(Provided data begins)

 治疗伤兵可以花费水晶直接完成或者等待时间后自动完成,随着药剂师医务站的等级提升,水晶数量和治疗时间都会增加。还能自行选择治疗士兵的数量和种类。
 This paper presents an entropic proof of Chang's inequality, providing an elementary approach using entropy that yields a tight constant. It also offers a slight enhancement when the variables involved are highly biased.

(Provided data ends)
(Provided data begins)

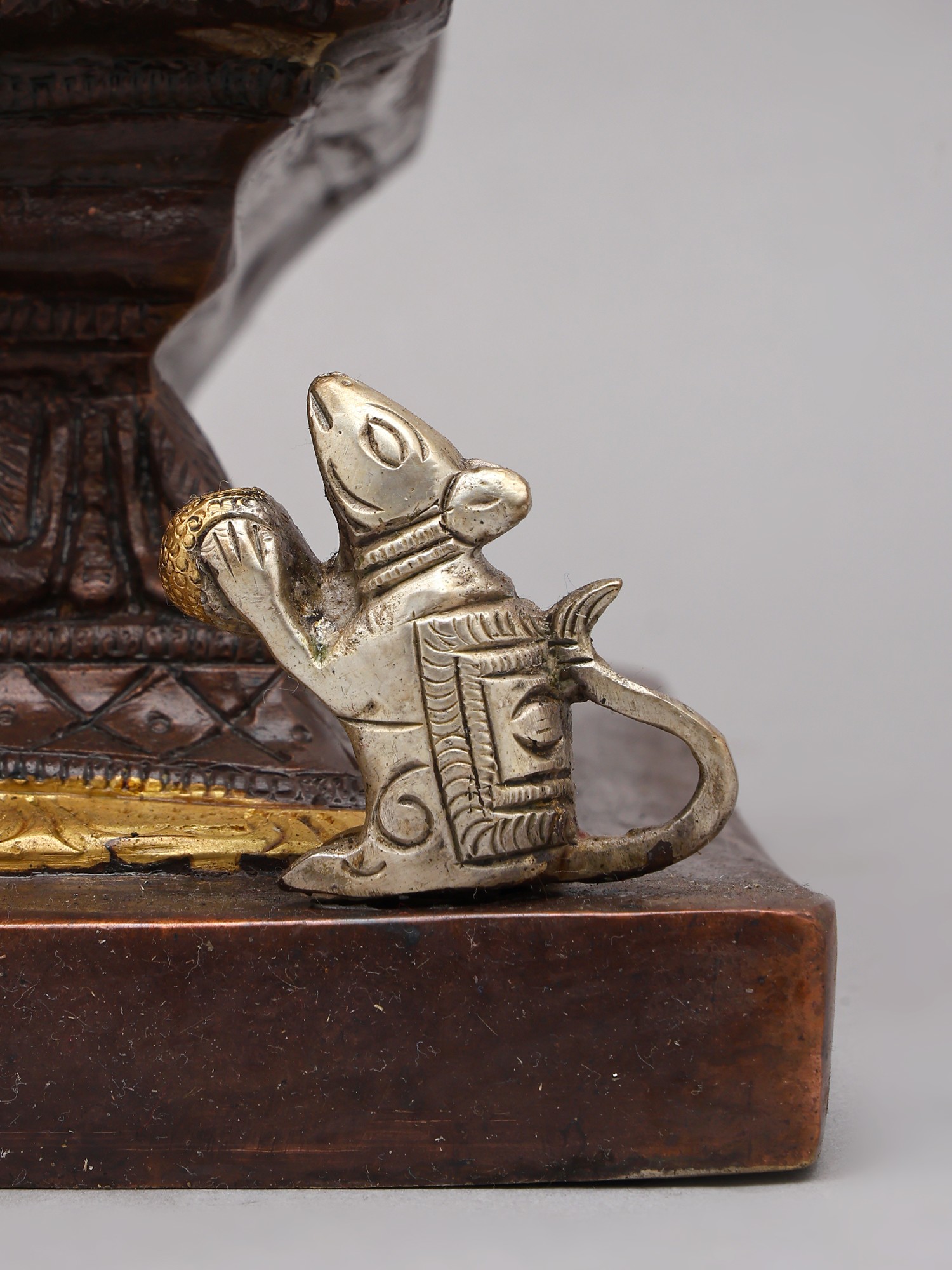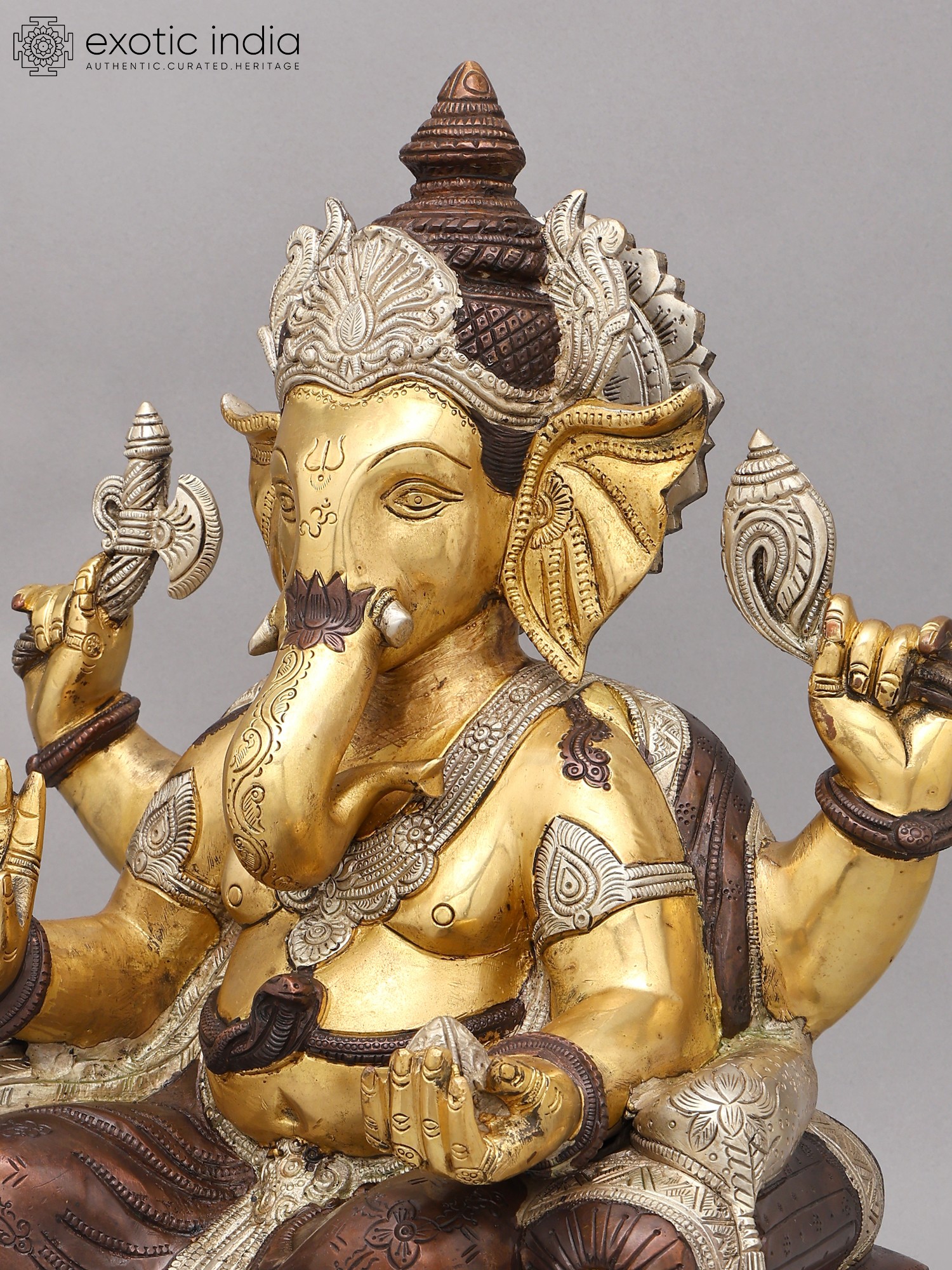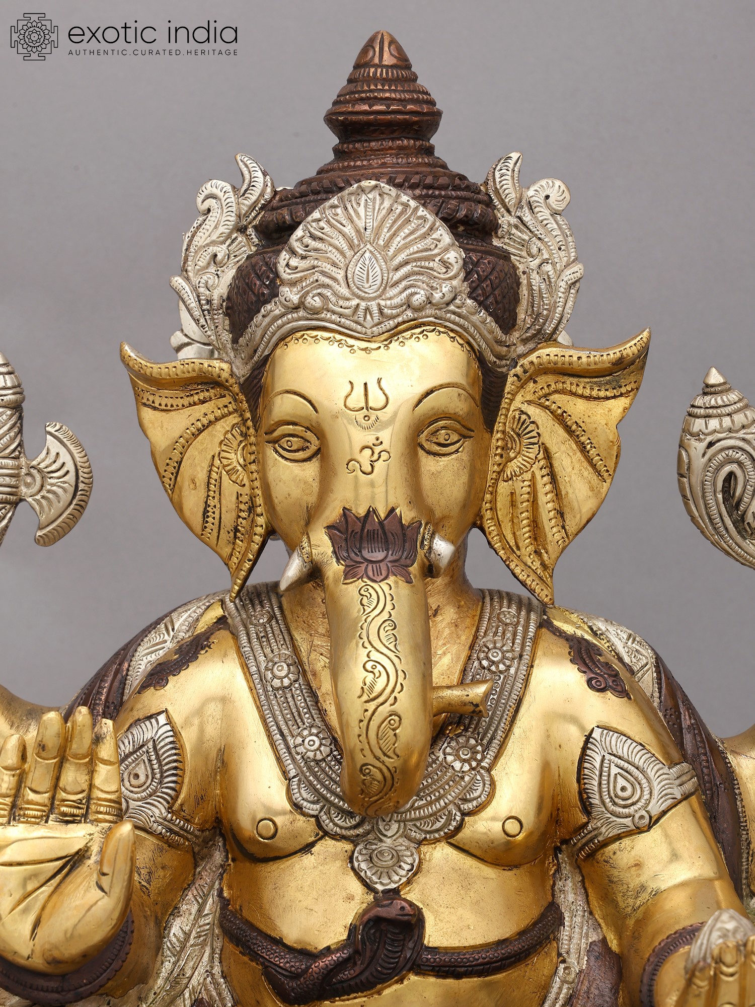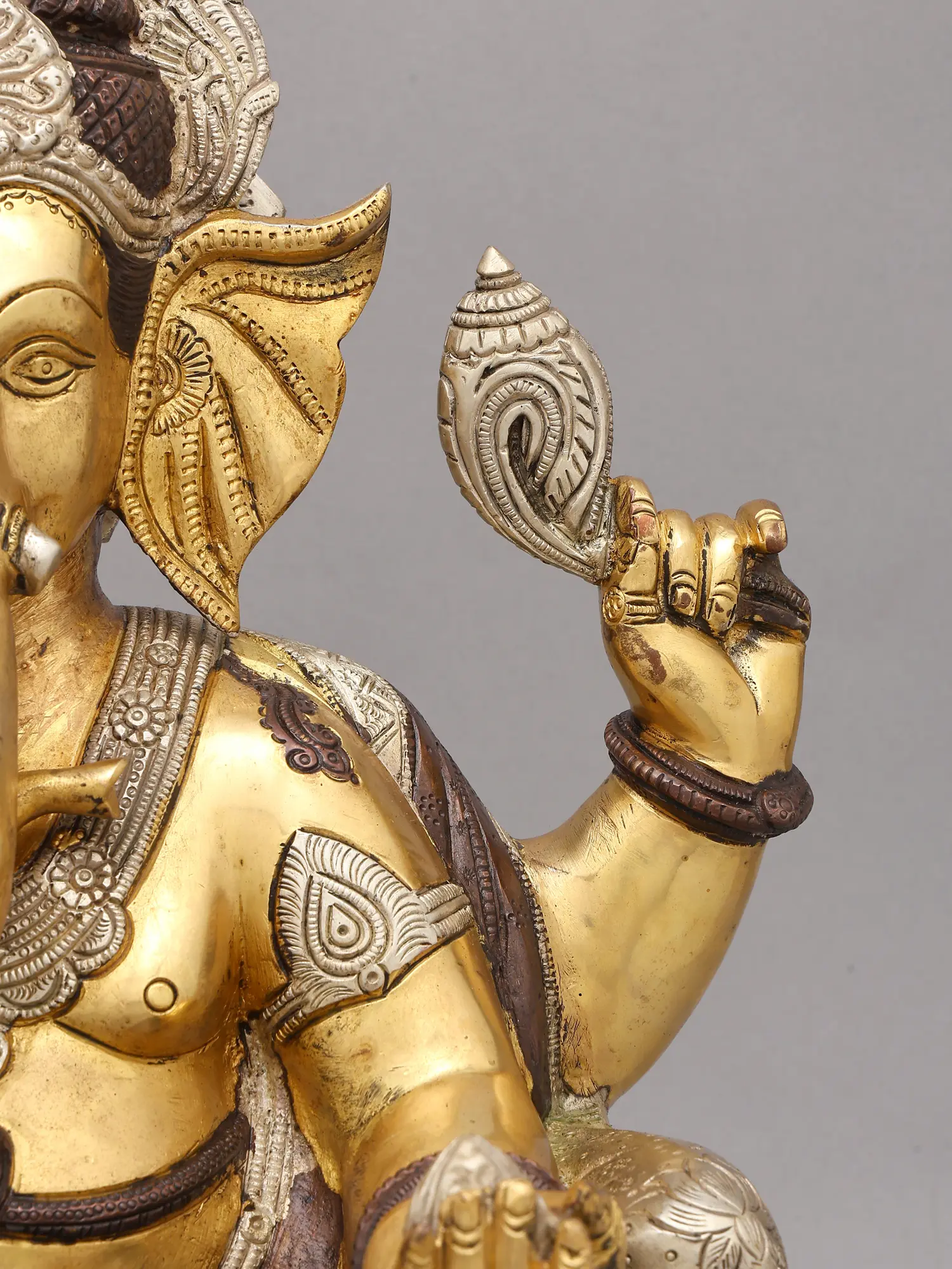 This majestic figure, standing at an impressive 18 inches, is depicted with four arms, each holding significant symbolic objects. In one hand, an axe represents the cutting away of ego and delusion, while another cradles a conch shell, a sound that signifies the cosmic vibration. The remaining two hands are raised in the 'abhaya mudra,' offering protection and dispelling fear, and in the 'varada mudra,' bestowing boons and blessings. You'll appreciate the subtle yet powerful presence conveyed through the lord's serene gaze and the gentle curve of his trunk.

(Provided data ends)

▶ **Your instructions**
Beginning with the line containing "治疗伤兵可以花费水晶直接完成" in the material above, copy every line exactly until you have copied the line containing "This paper presents".

▶ **Task solution**
 治疗伤兵可以花费水晶直接完成或者等待时间后自动完成,随着药剂师医务站的等级提升,水晶数量和治疗时间都会增加。还能自行选择治疗士兵的数量和种类。
 This paper presents an entropic proof of Chang's inequality, providing an elementary approach using entropy that yields a tight constant. It also offers a slight enhancement when the variables involved are highly biased.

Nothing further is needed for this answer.